The Conference of State Bank Supervisors (CSBS) recently announced that 23 states have now agreed to participate in a streamlined licensing process under which nonbanks requiring a license to operate under state law can benefit from the cooperative efforts of the state regulators in approval of their applications.

State regulatory sandbox laws are increasing, with Nevada and Utah also permitting developers of innovative financial products and services to conduct test programs in those states.

What happened

State regulators, through the CSBS, are continuing their efforts to streamline the licensing process for nonbanks such as fintech companies. The CSBS announced in late June that 23 states now have signed on to an agreement under which they will coordinate the licensing review process for MSBs and others seeking a state license. This is an increase over the seven states that initially signed on to the agreement in February 2018, and the CSBS hopes more will join the compact.

Pursuant to the agreement, when one state conducts a review of common licensing requirements, such as the business plan, background checks of the direct and indirect owners, financial information and compliance with the anti-money laundering provisions of the Bank Secrecy Act, the other participating states will accept the findings and limit their own review to state-specific elements.

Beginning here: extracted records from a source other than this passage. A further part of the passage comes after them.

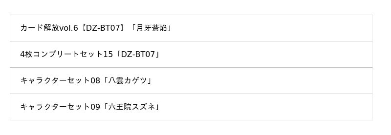 ▲カード解放vol.6【DZ-BT07】「月牙蒼焔」
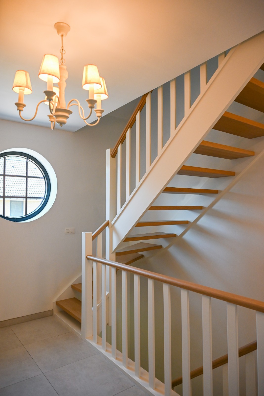 Deze charmante woning combineert een warme bakstenen gevel met een elegante houten voordeur en moderne ramen.
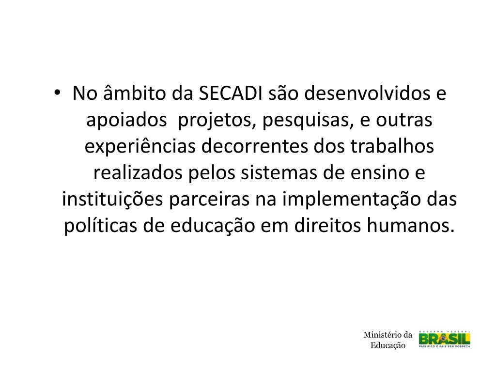 Ministério da Educação • No âmbito da SECADI são desenvolvidos e apoiados projetos, pesquisas, e outras experiências decorrentes dos trabalhos realizados pelos sistemas de ensino e instituições parceiras na implementação das políticas de educação em direitos humanos.
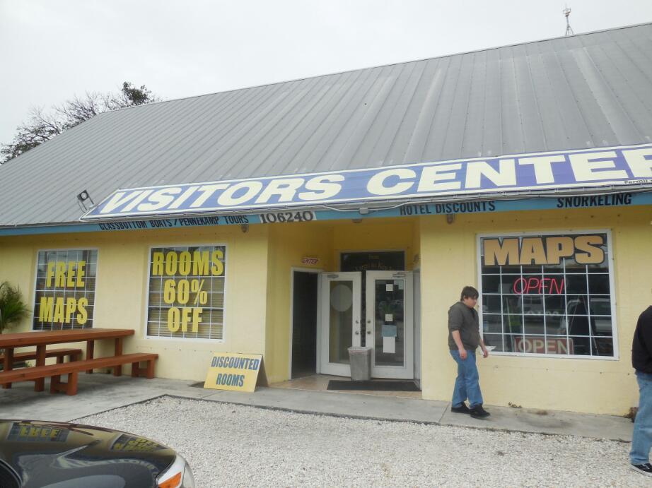 In desperation we stopped at a Tourist Information. Dodie predicted thay would only know about glass bottomed boat tours. Correct, But I did get a great Key West sticker!
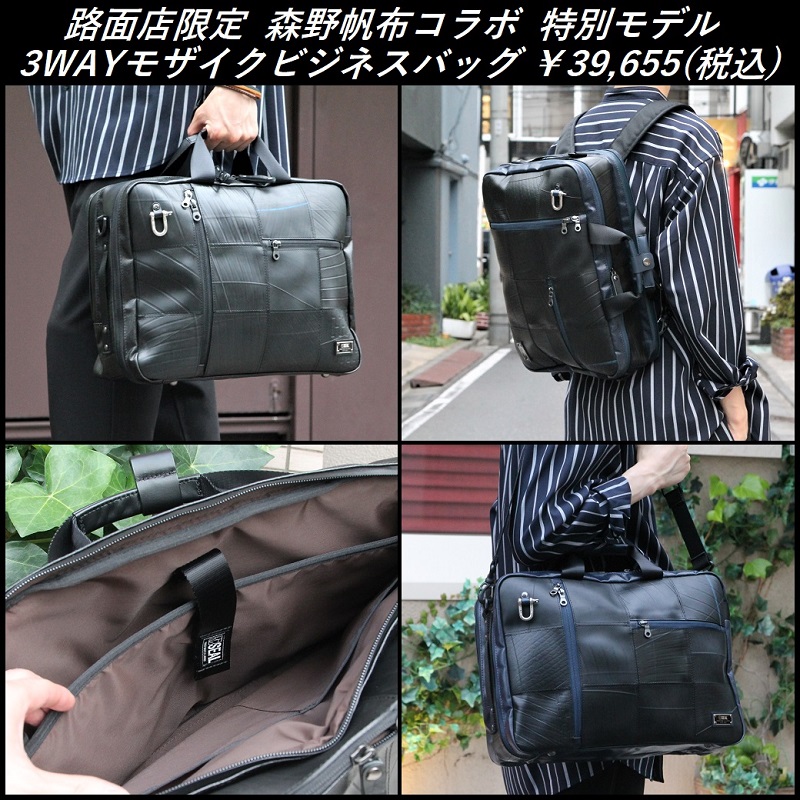 路面店限定モデル 森野帆布コラボ 3WAYモザイクビジネスバッグ

Fifteen companies are involved in a pilot of the initiative, the CSBS said, and have already received a total of 72 licenses. Participating states include California, Connecticut, Georgia, Iowa, Idaho, Illinois, Kansas, Kentucky, Louisiana, Massachusetts, Mississippi, North Carolina, North Dakota, Nebraska, Ohio, Rhode Island, South Dakota, Texas, Tennessee, Utah, Vermont, Washington and Wyoming.

Joining Arizona and Wyoming, Nevada passed a law creating a sandbox program that permits participants to test products on state consumers with some relief from statutory and regulatory requirements for financial products and services.

Pursuant to Senate Bill 161, not more than 5,000 consumers may be provided the product or service during the two-year period of participation in the program. After two years, a participant may ask for an extension in order to apply for a license or other authorization required for the product or service to continue operations in the state.

Certain disclosures are required to consumers, including that the participant does not hold a license for the product or service outside of the program (if applicable). Participants must also provide consumers with a means of submitting complaints.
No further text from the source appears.